### WHAT THE TASK REQUIRES
Would you copy the lines below exactly and omit the images?

### DATA FOR THIS EXERCISE
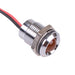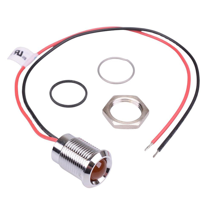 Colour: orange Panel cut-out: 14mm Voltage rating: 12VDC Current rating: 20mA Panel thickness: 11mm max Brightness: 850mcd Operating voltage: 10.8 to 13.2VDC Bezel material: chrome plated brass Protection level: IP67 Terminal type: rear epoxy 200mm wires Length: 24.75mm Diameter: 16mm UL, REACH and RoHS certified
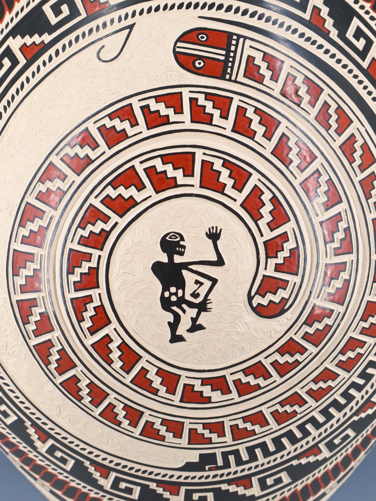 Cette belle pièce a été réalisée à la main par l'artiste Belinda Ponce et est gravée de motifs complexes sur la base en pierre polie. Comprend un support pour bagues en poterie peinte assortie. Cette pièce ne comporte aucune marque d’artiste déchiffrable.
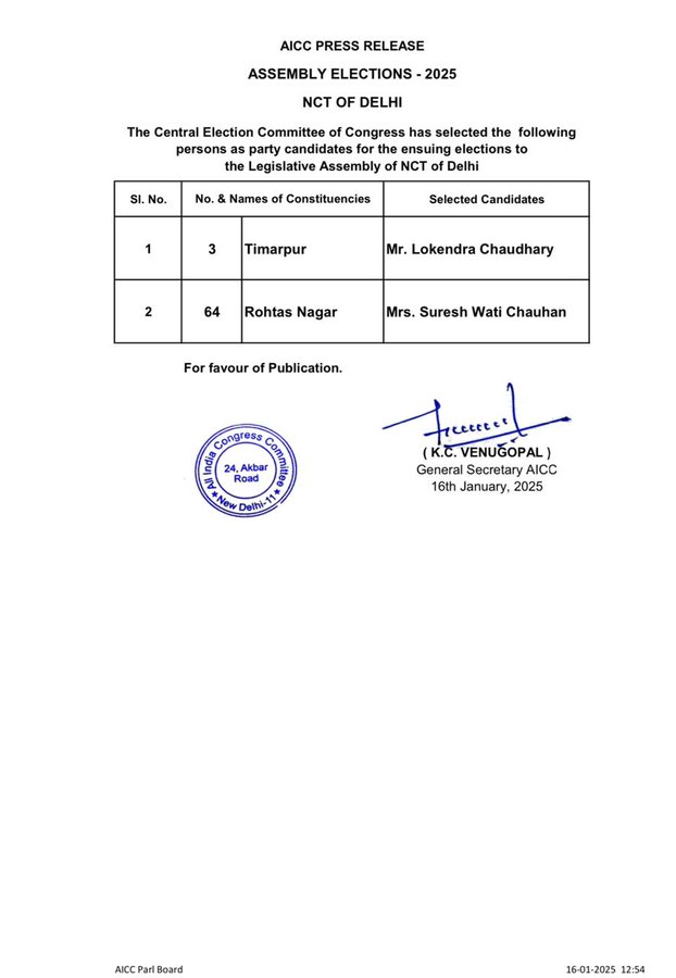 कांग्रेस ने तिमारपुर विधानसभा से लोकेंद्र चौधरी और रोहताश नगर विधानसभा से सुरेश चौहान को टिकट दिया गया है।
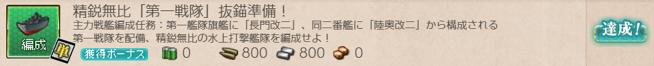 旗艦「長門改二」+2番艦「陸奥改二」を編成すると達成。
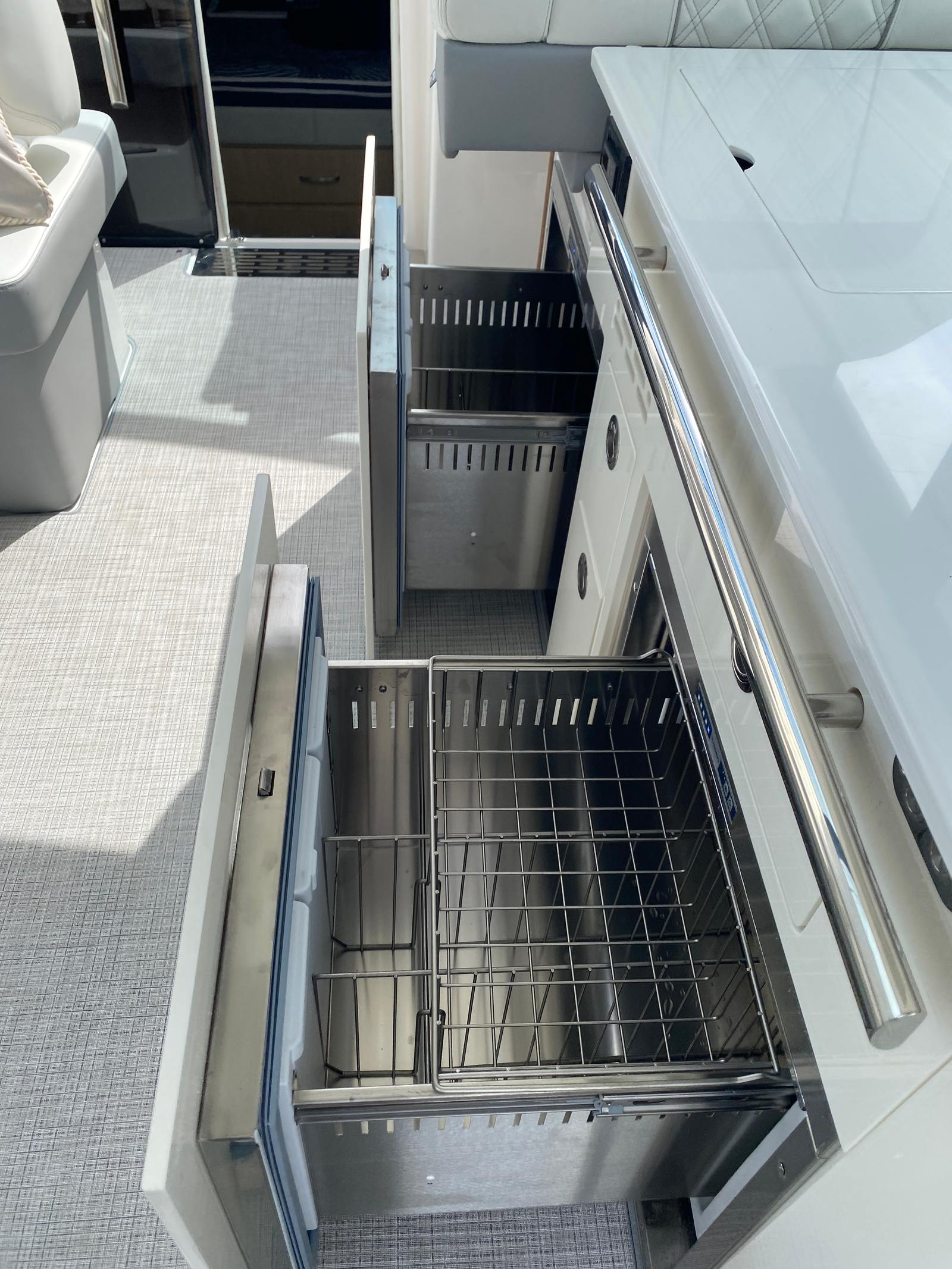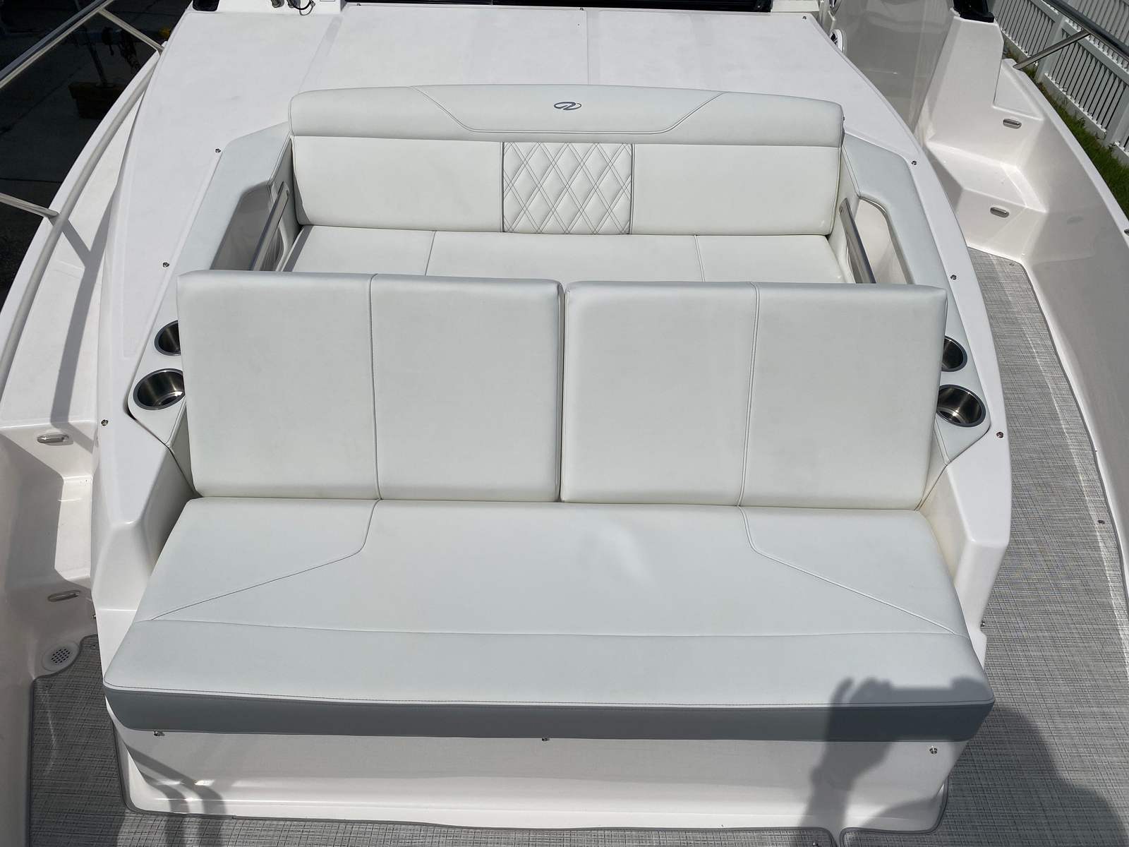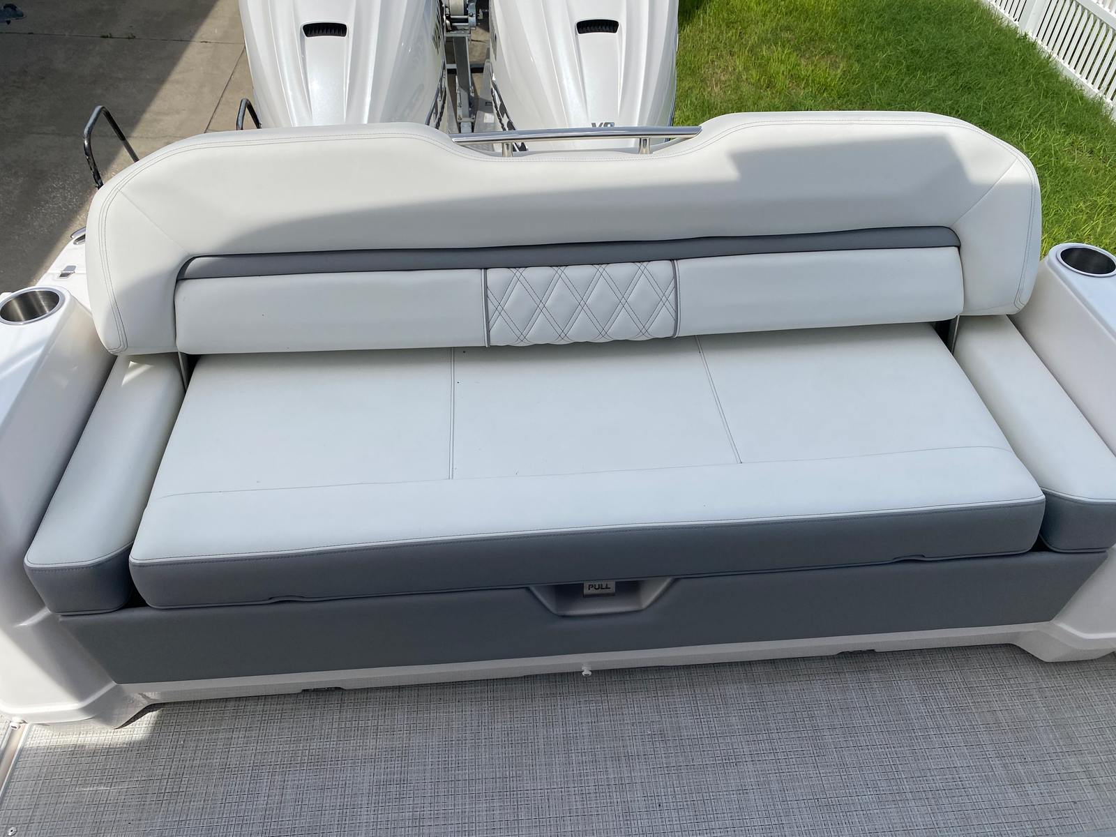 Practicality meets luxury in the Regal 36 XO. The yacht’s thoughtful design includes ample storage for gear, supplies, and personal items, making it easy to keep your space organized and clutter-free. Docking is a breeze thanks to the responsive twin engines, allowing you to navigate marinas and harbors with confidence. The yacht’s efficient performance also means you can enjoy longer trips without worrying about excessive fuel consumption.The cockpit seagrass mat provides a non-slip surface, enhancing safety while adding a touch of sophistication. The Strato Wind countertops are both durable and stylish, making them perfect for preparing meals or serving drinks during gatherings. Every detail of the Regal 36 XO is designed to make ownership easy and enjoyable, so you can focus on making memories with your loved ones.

### YOUR SOLUTION
 Colour: orange Panel cut-out: 14mm Voltage rating: 12VDC Current rating: 20mA Panel thickness: 11mm max Brightness: 850mcd Operating voltage: 10.8 to 13.2VDC Bezel material: chrome plated brass Protection level: IP67 Terminal type: rear epoxy 200mm wires Length: 24.75mm Diameter: 16mm UL, REACH and RoHS certified
 Cette belle pièce a été réalisée à la main par l'artiste Belinda Ponce et est gravée de motifs complexes sur la base en pierre polie. Comprend un support pour bagues en poterie peinte assortie. Cette pièce ne comporte aucune marque d’artiste déchiffrable.
 कांग्रेस ने तिमारपुर विधानसभा से लोकेंद्र चौधरी और रोहताश नगर विधानसभा से सुरेश चौहान को टिकट दिया गया है।
 旗艦「長門改二」+2番艦「陸奥改二」を編成すると達成。
 Practicality meets luxury in the Regal 36 XO. The yacht’s thoughtful design includes ample storage for gear, supplies, and personal items, making it easy to keep your space organized and clutter-free. Docking is a breeze thanks to the responsive twin engines, allowing you to navigate marinas and harbors with confidence. The yacht’s efficient performance also means you can enjoy longer trips without worrying about excessive fuel consumption.The cockpit seagrass mat provides a non-slip surface, enhancing safety while adding a touch of sophistication. The Strato Wind countertops are both durable and stylish, making them perfect for preparing meals or serving drinks during gatherings. Every detail of the Regal 36 XO is designed to make ownership easy and enjoyable, so you can focus on making memories with your loved ones.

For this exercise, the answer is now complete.